Gene therapists were aiming to replace the enzyme responsible for detoxifying ammonia, according to Mahvi. He added researchers can use the treatment to treat “tumors and someway make a tumor foreign to the body.”

“You’re basically taking genes that aren’t native to the cell and you’re trying to get the cell to express that gene,” Mahvi said.

Both UW professor emeritus Waclaw Szybalski and Mahvi said incidents like the Gelsinger case at UPenn have never happened at UW.

According to Mahvi, the government shut down all gene therapy centers around the country after the incident.

Mahvi said the UPenn case has had a huge impact on the field of gene therapy and it has taken about three years for the field to recuperate from the immediate governmental interference that resulted when the Pennsylvania incident was reported to the U.S. Food and Drug Administration.

“For a while [bureaucrats] were very worried about approving new gene therapy trials,” Mahvi said. “They also put in a bunch more regulatory things [and] more hoops to jump through.”

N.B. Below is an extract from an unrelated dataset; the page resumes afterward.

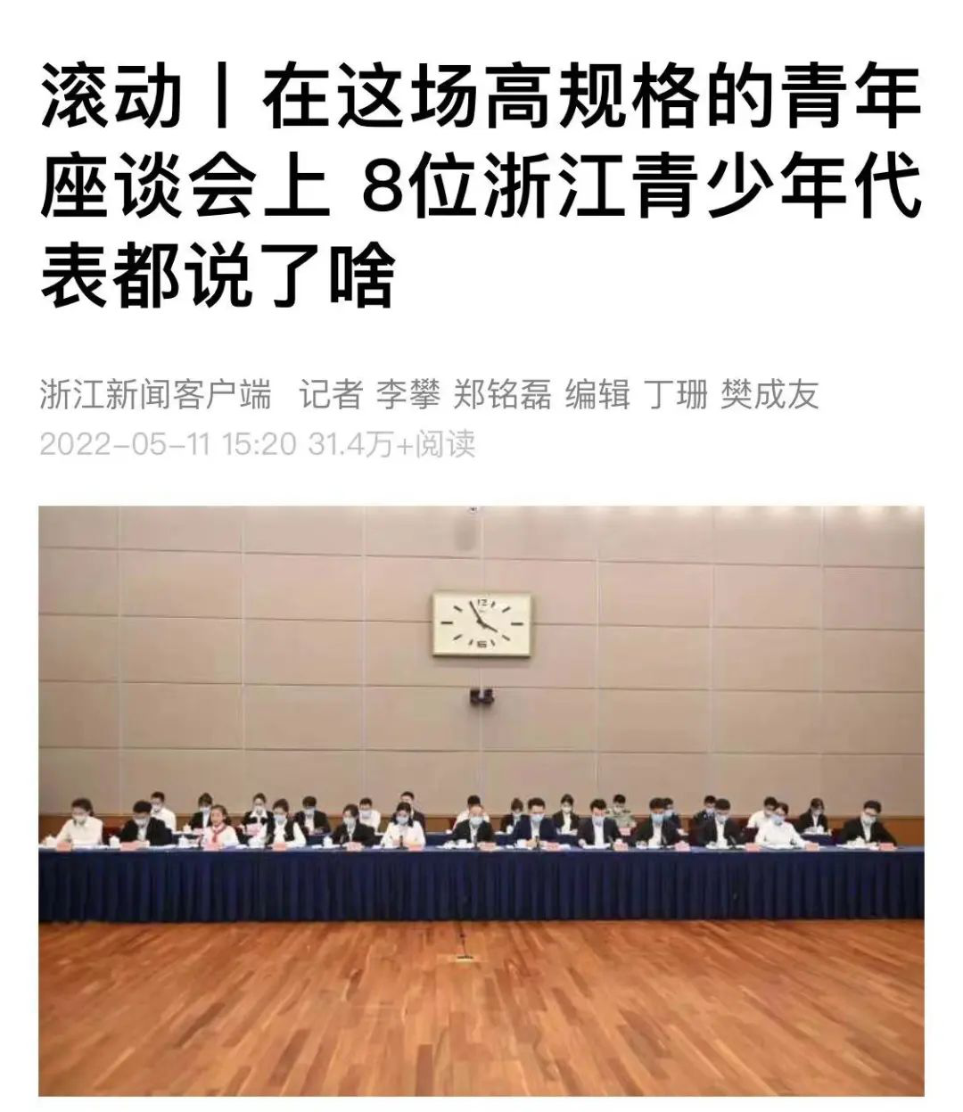 5月11日下午,我省举行浙江青少年学习习近平总书记在庆祝中国共产主义青年团成立100周年大会上重要讲话精神座谈会,8位优秀青年代表和省委书记面对面,分享青春故事,交流青春感悟。

This change resulting from the court decision was signaled in a statement issued by UPenn Feb. 9.

“Over the last five years Penn has established what is now a national model for the conduct of research, including the mandatory training of investigators and staff coupled with a comprehensive internal monitoring program for research involving volunteers,” the statement said.

Still, 83-year-old Szybalski said Wilson was very ambitious and there are always certain risks implementing new treatments. However, Szybalski said he has been a part of many of types of revolutionary treatments.

“My God, if I [didn’t] have new hips [and] everything, I wouldn’t be able to walk,” Szybalski said. “You will find that out when you reach my age, what a great help it is.”